Tuesday, January 25, 2011


In the dualistic perspective, peace feels a certain way and peaceful people look and act a certain way.

This is a trap. It keeps us striving to achieve this thing we think of as peace. But by this very definition, peace, in this sense, must have an opposite. This opposite would be any state or action that we would think of as not peaceful (such as agitation, restlessness, upset, anger, annoyance, violence, war, etc.).

Since this "peaceful" state is held up by many as a sign of enlightenment or as a path to enlightenment, we see it as desirable, worthy of our effort, worthy of our striving. The common supposition is that if we strive to achieve a state of peace, we will be closer to enlightenment. What most people don't see is the contradiction inherent in that. Strive for peace. Hmmm...

So, in this dualistic perspective, what happens to us when "non-peaceful" states arise? We are compelled to change them. We must fight against them. We must strive to remain or return to a state of peacefulness. In other words, we must become less peaceful. We are trapped. Trapped by our lack of understanding about what true peace is.

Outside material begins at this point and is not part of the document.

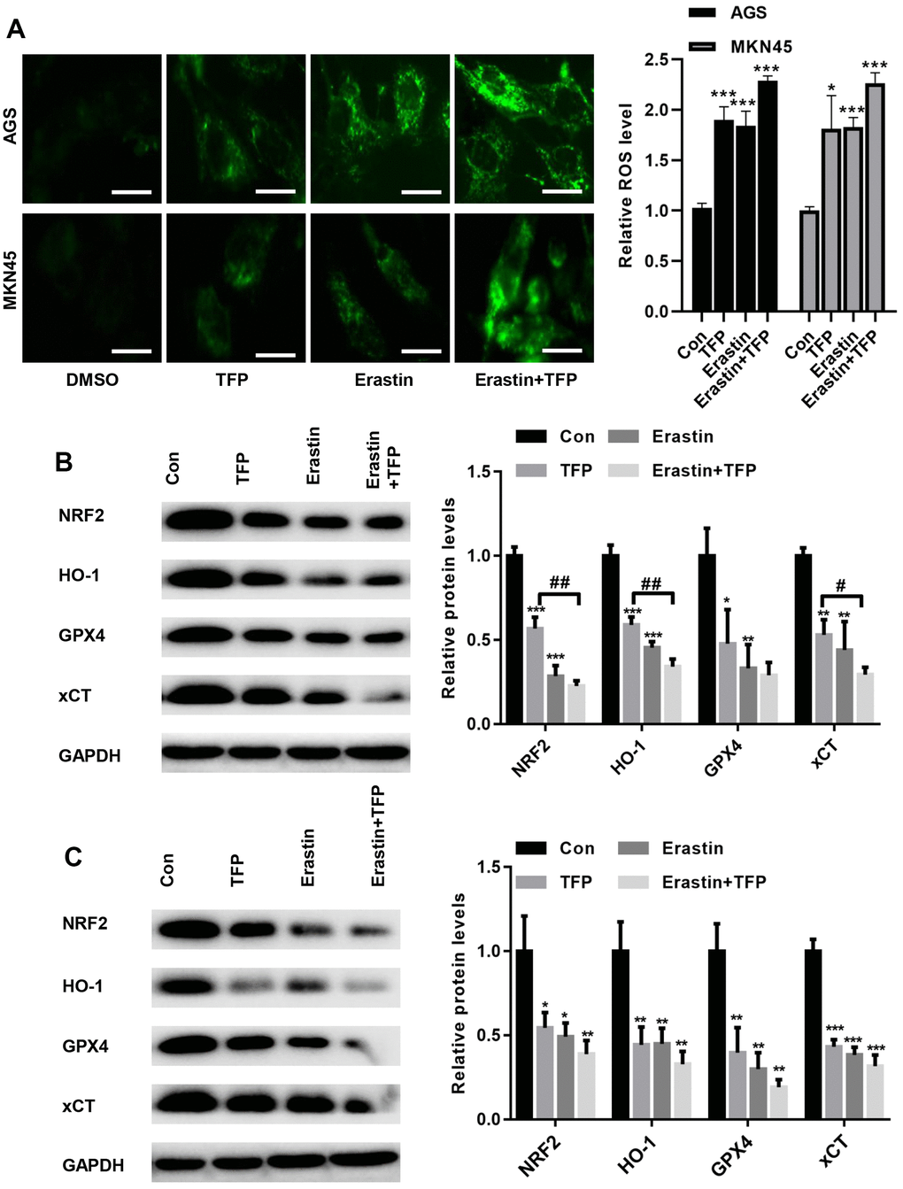 To determine the underlying mechanism by which TFP induces ferroptosis, we tested the effects of TFP on ROS production in EBV-infected AGS and MKN45 cells. DCFH-DA staining showed that TFP treatment promoted ROS accumulation in EBV-infected AGS and MKN45 cells (Figure 5A). Consistently, erastin also induced ROS production in both EBV-infected AGS and MKN45 cells (Figure 5A). Moreover, cotreatment with TFP and erastin demonstrated a synergistic effect in EBV-infected AGS and MKN45 cells (Figure 5A). Studies have indicated that NRF2/HO-1 signaling plays a key role in ferroptosis in gastric cancer [24, 25]. Western blot assays showed that TFP significantly suppressed the expression of NRF2, HO-1, GPX4 and xCT in both EBV-infected AGS and MKN45 cells (Figure 5B, 5C). Consistently, the combination of TFP and erastin also decreased the expression of HO-1, GPX4 and xCT in both EBV-infected AGS and MKN45 cells (Figure 5B, 5C).

The way out of this trap is to realize the limitations of our imagined idea of peace. For many, the imagined idea of peace is that when we achieve it, we will no longer feel any of those "opposite" qualities of peace. In other words, we will no longer experience feelings of agitation, distress or anxiety--any state that could be thought of as "not peace."

And THAT, that belief that peace feels and looks one way, but not another, is what keeps us trapped. True peace is an understanding that ALL states of mind, ALL thoughts, ALL feelings and ALL behaviors, are simply forms of the One/the Absolute--including agitation, distress, and anxiety. True peace is realizing that nothing about these states of being needs to change (including the desire to change them). Nothing needs to be made to be other than what it is.

This is the peace we are striving for, and it is already here.

1 comment:

  1. i had this enlightenment a couple years ago. it was great. peace is random moments of bliss. i still absolutely experience other states of being, when i have peace. the that essential peaceness remains in place under, or around, or behind, the secondary feeling. like a ghost image. it's funny, but for me, that underlying feeling of peace has always felt a bit like the smile of a buddha, or perhaps the mona lisa... just a little, internal quirk of the lips.